Dan is a truck driver who works for Package Express (PE) in the State of Loyola.  PE is a large national firm that delivers packages and express mail for its many customers.  It has a fleet of thousands of trucks and has profits of around $100 million each year.
    Until recently, each PE truck had a large display (similar to a computer monitor) on the dashboard that listed the driver's next delivery stop in large letters.  The display was connected via a wireless signal to the nearest distribution center.  The display would give turn-by-turn directions in a large font to the next pick-up or delivery address.  For safety reasons, drivers were forbidden to use cell phones on the job.
    Two years ago, PE came under new managers who wished to increase profits for investors by cutting costs.  They reasoned that almost all employees had cell phones that could receive text messages.  PE management decided to eliminate the large displays in trucks because they were quite expensive.  Their new policy was that all drivers had to take their personal cell phones to work (PE paid them a $50 credit each month to help pay the cell phone fees).  Information was now transmitted to the drivers by means of text messages on their cell phones.  
    PE knew that text messages on cell phones were much harder to read than those on the displays that PE previously used, and that therefore accidents were likely to increase.  So PE instituted a company rule that drivers could only check their messages while the truck was stopped.  This was consistent with a State of Loyola law that prohibits any cell phone use in a moving vehicle.
    PE drivers were therefore expected to stop along the side of the road to read the directions to their next delivery location.  This took a great deal of time.  PE drivers were paid a fixed amount for an 8 hour day, but because of this new system, drivers had to spend 9-10 hours completing their deliveries.  They were not paid for this extra time.  Almost all PE drivers began to read their text messages while driving, so that they could finish their shifts on time.  PE was aware that this was happening, but did nothing to stop it (since they did not want to pay drivers for the extra time).  PE was also aware that its accident rate had doubled in almost all parts of the country since it instituted the new system.
    One day Dan was driving his PE truck and got lost.  While the truck was moving, he squinted and looked down to read the text message with directions on his cell phone.  He drove his truck through a stop sign in a residential neighborhood and slammed into the house of the Gomez family.  The impact severely damaged the outside wall of their living room and also caused a grandfather clock to fall over and break to pieces.  Mrs. Gomez had inherited the clock from her parents, who recently died.  Mrs. Gomez and her brother had originally given the clock to their parents on their 50th wedding anniversary.  It was the only substantial heirloom she had from her parents.
    The falling clock also caused minor injury to Mr.

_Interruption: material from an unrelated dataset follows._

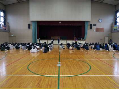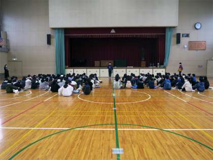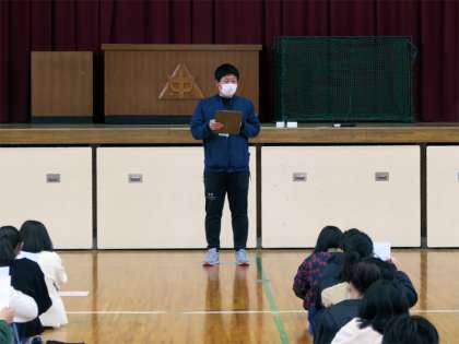 青色の名札の確認をしたあと、「新入生のみなさんへ」のプリントを配布し、入学式当日の連絡をしました。

Gomez's leg, but he settled this issue with PE for $2000 during mediation.
    The remaining injuries were not resolved by mediation, so the Gomez found a lawyer and sued PE for their remaining damages.  The following facts were proven at trial, and you should assume they are true.  The clocks are still being manufactured today by a small family company in Kentucky and cost $15,000 new.  Mrs. Gomez and her brother paid $10,000 for it 25 years ago, and it was still in good condition at the time of the accident.  The clocks are also available used and normally cost around $8000 in good condition.  Mrs. Gomez testified that she was very attached to it and all the money in the world could not replace it.
    The living room wall can be fixed for $10,000.  The damage reduced the value of the house by $3000, because it did not affect the inside of the house and is not very visible from the street.  The Gomez testified that they are fastidious people who keep their house in great shape and that they would definitely have the damage fixed because they want to make a good impression on the neighbors.
    The Gomez also asked for punitive damages against PE, arguing that the cell phone policy was outrageous and dangerous.  They produced documents at trial in which PE analysts predicted that the policy would lead to more accidents, but also stated that the accidents were likely to be minor and that using cell phones would save PE an average of $100,000 a year in each of the 38 states where it operated.  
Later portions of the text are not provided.